Rep. Trey Gowdy, South Carolina Republican, tried to lead that chain back to the Obama administration, demanding to know whether top figures in the Obama White House or legal and intelligence agencies had access.

Under questioning from Mr. Gowdy, Mr. Comey said former National Security Adviser Susan E. Rice, former Director of National Intelligence James R. Clapper, former Attorney General Loretta E. Lynch and former acting Attorney General Sally Q. Yates had access to some unmasked names, though he stopped short of saying whether they had access to Mr. Flynn’s communication.

Much of the back-and-forth at the hearing focused on two Trump figures: Roger Stone, an informal Trump adviser who bragged during the campaign that he had been in touch with the Guccifer 2.0 hacker, and Paul Manafort, who at one time was manager of Mr. Trump’s campaign.

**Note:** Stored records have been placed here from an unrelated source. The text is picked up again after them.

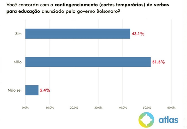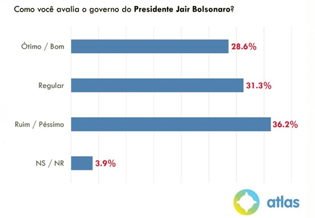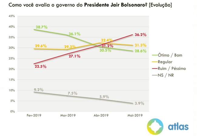 Para Andrei Roman, diretor do Atlas Político, o resultado, colhido entre os dias 19 e 21 de maio, não surpreende “dado o intenso noticiário negativo” a respeito do Governo nas últimas semanas, com repercussão dos cortes na Educação, que provocaram as primeiras manifestações nacionais contra Bolsonaro desde janeiro, a investigação sobre as finanças do filho do presidente, senador Flávio Bolsonaro (86,3% disseram ter tomado conhecimento do caso e 54,3% dizem ser a favor de que ele seja preso), e os resultados econômicos ruins. A pesquisa, feita com 2.000 pessoas recrutadas na Internet e com amostra balanceada por meio de algoritmo, tem margem de erro de 2 pontos percentuais.
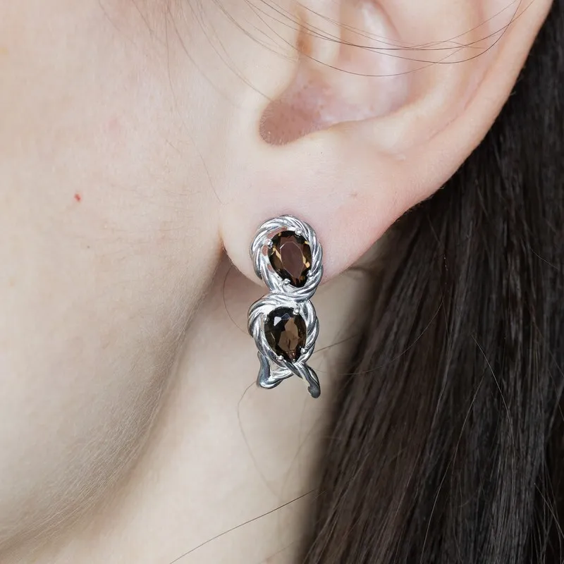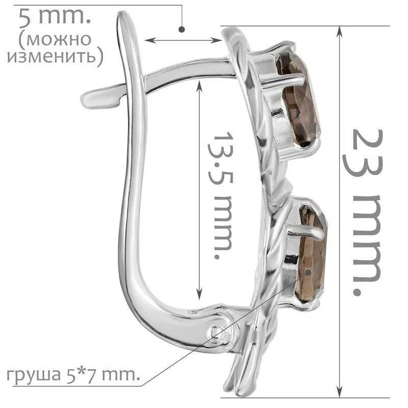 Серебряные серьги с натуральным раухтопазом - коллекция Ривьера / покрытие Чистое Серебро
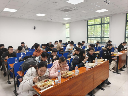 考试期间,学院在数理楼专门设立后勤保障服务点,不仅提前为有需求的考生预订暖心盒饭,确保学子考试期间饮食安全、营养均衡,还协调专用教室作为午休场所,为考生营造安静舒适的休整环境。
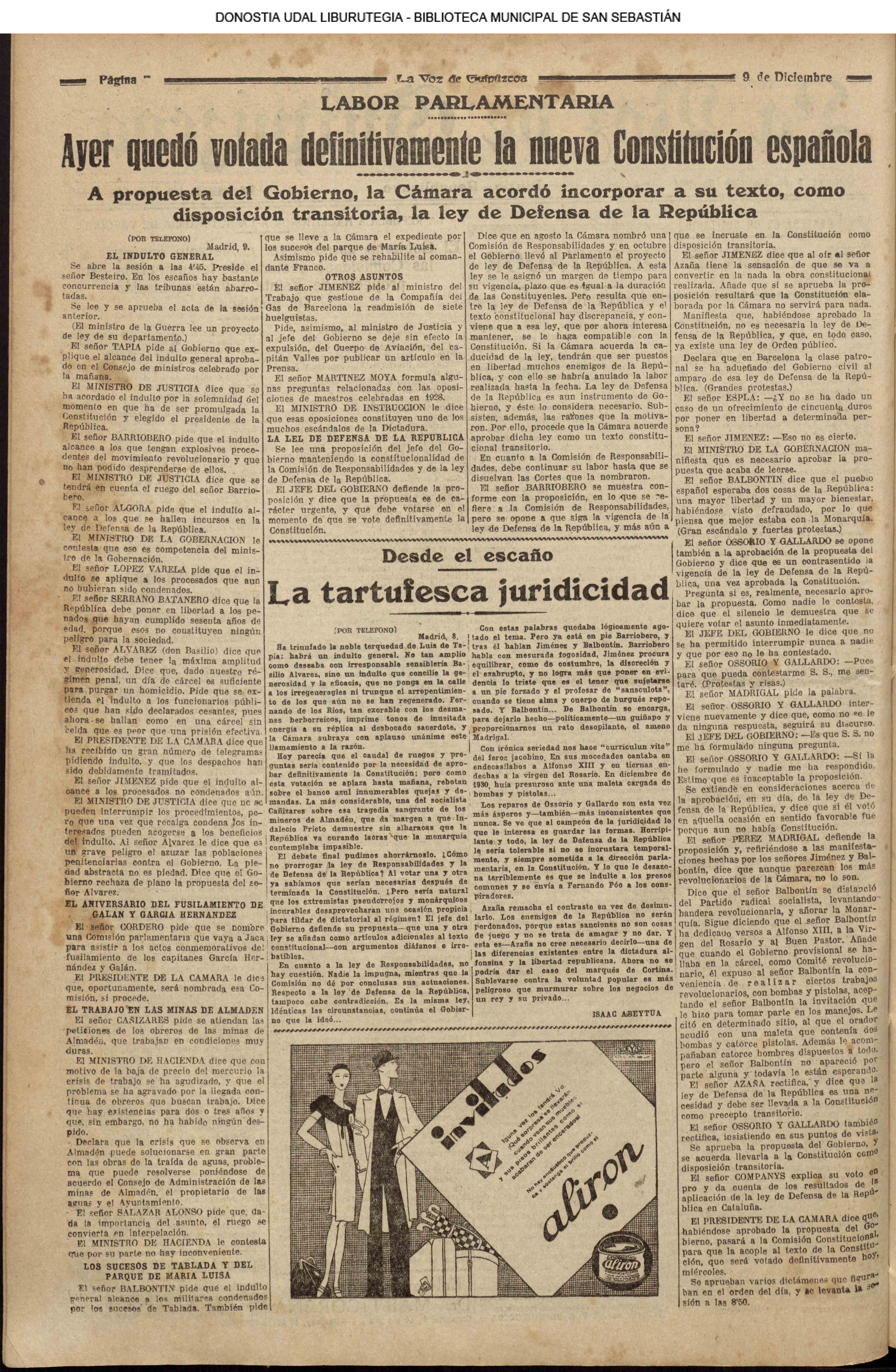 (1931) # LABOR PARLAMENTARIA- Quedó votada definitivamente la nueva Constitución española
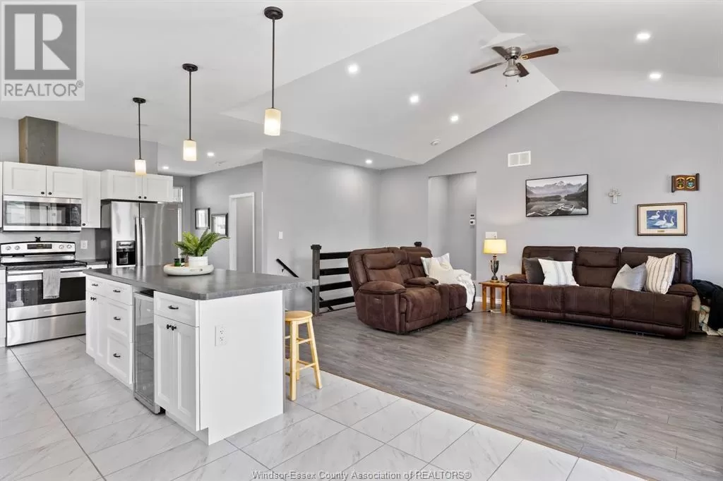 TAKE CITY RD 22 TO SPRING TO SUMMER The modern black and grey exterior will draw you to this waterfront home! Built in 2021, 1660 sq ft rancher with double car attached heated garage has an open concept cathedral ceiling design with fireplace in living room. All the main rooms and primary bedroom suite overlook the waterfront. Primary suite has a separate soaker tub and water closet. Concrete driveway, sidewalks, covered deck and 16 x 14 rear patio area, with bar and firepit and hardline for gas bbq. 2 + 2 bedrooms and 3 full baths, 9 ft ceilings, and 10 ft high ceiling in finished basement give this home so many spaces to enjoy. All bedrooms have tvâs hardwired for internet and country cable, antenna in attic.Option for laundry on main floor, roughed in for a 20 amp electric fireplace in basement, 200 amp service , and sump with battery back up. Large rear yard on canal with gabion stone wall on the waterside. Lovely waterfront home call us today to view. (id:27476)

Mr. Comey declined to say much about those two figures because he didn’t want to taint the investigation.

Mr. Comey and Adm. Rogers said there was no evidence that Russian operatives hacked the election, switched votes or stole support from Mrs. Clinton.

Adm. Rogers did, though, reaffirm a report issued under the Obama administration that said Russian operatives were behind breaches of the Democratic National Committee and Clinton campaign officials’ accounts, leading to the leak of embarrassing emails that dented Mrs. Clinton’s campaign.